19 The PID Act does not provide any definition of what might constitute an "unreasonable" act or omission.
20 The Revised Explanatory Memorandum to the Public Interest Disclosure Bill 2013 (Cth) states that the legislative intention was to establish a scheme to investigate allegations of wrongdoing in the Commonwealth public sector and to "provide robust protections to current or former public officials who make qualifying public interest disclosures under the scheme".
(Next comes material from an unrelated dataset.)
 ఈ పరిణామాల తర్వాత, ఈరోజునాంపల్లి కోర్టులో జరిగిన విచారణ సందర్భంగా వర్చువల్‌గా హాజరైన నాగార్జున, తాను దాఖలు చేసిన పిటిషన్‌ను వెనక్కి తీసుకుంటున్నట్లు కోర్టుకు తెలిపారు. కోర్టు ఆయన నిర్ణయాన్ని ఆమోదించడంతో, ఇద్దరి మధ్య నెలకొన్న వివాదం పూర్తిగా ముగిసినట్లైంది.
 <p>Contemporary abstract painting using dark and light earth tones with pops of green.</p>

21 The objects of the PID Act are stated in s 6 in these terms:
The objects of this Act are:
(a) to promote the integrity and accountability of the Commonwealth public sector; and
(b) to encourage and facilitate the making of public interest disclosures by public officials; and
(c) to ensure that public officials who make public interest disclosures are supported and are protected from adverse consequences relating to the disclosures; and
(d) to ensure that disclosures by public officials are properly investigated and dealt with.
22 The restrictions on the award of costs against a person making a public interest disclosure in s 18 of the PID Act reflect both the legislative intention and objects of the Act. An exposure to costs could well provide a significant disincentive to any prospective "whistleblower" from making a public interest disclosure. Costs should only be awarded in exceptional circumstances. The Court's discretion to award costs is only enlivened if it is satisfied that proceedings were commenced "vexatiously or without reasonable cause" or an applicant's "unreasonable act or omission caused the other party to incur the costs".
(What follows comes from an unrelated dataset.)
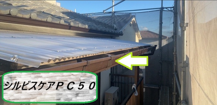 屋根の軒先には『角型の塩ビ製雨樋』が取り付けられてましたが、今はジョイント部分から水漏れしてて、雨が降るたびにポタポタ…

23 The respondent submitted that there might be a question as to whether s 18(1) of the PID Act applied to the entirety of the proceedings because some of the relief sought by the applicant was not "under section 14, 15 or 16" of the PID Act. Nevertheless, for the purposes of its application for costs in this instance the respondent was prepared to accept that s 18(1) was relevantly engaged.
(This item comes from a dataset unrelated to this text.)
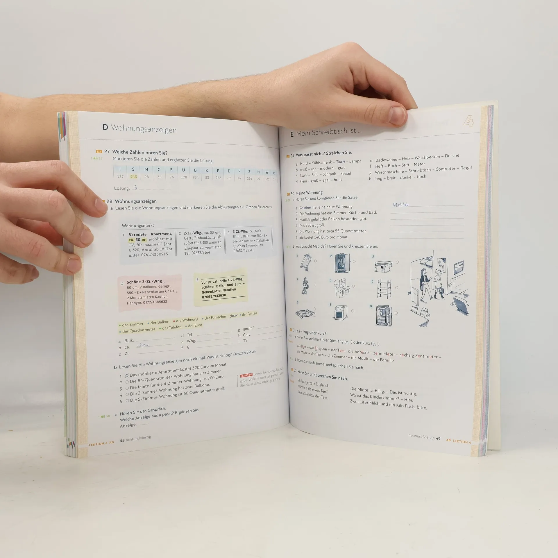 Zielniveau A1.1 Teilband A1.1 Kursbuchteil - alle Lektionen folgen einem klaren Aufbau für hohe Lerntransparenz - neue Foto-Hörgeschichten als Einstieg in jede Lektion - interessante Texte und vielfältige Landeskunde - induktive Grammatik fördert Bewusstmachung und Verständnis - Vorbereitung auf den Berufsalltag durch verstärkten Berufsbezug - Stärkung der Lernerautonomie durch eine Doppelseite zu Grammatik und Redemitteln mit Übungen und Lernhilfen am Ende jeder Lektion - Transparenz durch Lernziele mit der Möglichkeit zur Selbsteinschätzung - flexible Ergänzung der Lektionsinhalte durch die „Zwischendurch mal …-Seiten“ - alle Audiodateien und Filme zum Kursbuch über mobile Geräte (Smartphone, Tablet-PC) abrufbar mit kostenloser App Arbeitsbuchteil - Übungen und Wiederholungsübungen in verschiedenen Schwierigkeitsstufen zur Binnendifferenzierung - ein systematisch aufgebautes Schreibtraining - Wortschatztraining für einen gezielten Wortschatzerwerb - ein ausführliches Phonetikprogramm - Aufgaben zum Mehrsprachigkeitsansatz - Prüfungsaufgaben - Lernertests mit Selbstauswertung und weiterführendem Trainingsprogramm im Lehrwerkservice - integrierte Fokus-Seiten bieten zahlreiche zusätzliche Materialien zu den Themen Beruf und Alltag. - Lernwortschatz-Seiten am Ende des Buches mit Illustrationen und Beispielsätzen, Schreibzeilen und Lerntipps - eine systematische Grammatik-Übersicht im Anhang

24 There does not appear to be any judicial consideration of s 18(2)(b) of the PID Act. In the course of addressing a claim for costs pursuant to s 18(2)(a) of the PID Act, in Hutchinson v Comcare (No 5) [2019] FCA 1665 (Hutchinson) at [3], Bromberg J observed that s 18 of the PID Act is relevantly in identical terms to s 570 of the Fair Work Act 2009 (Cth) (FW Act) and there was no reason why the principles applicable to s 570 should not be applied to s 18 of the PID Act.
25 As Bromberg J stated at [4]:
The discretion to award costs under s 18 of the PID Act in an otherwise no-costs jurisdiction is one that must be exercised with caution and the case for its exercise should be clearly demonstrated: Trustee for the MTGI Trust v Johnston (No 2) [2016] FCAFC 190 at [8] (Siopis, Collier and Katzmann JJ) citing Saxena v PPF Asset Management Ltd [2011] FCA 395 at [6] (Bromberg J) and Ryan v Primesafe [2015] FCA 8 at [64] (Mortimer J); see also Construction, Forestry, Mining and Energy Union v Clarke (2008) 170 FCR 574 at [29] (Tamberlin, Gyles and Gilmour JJ).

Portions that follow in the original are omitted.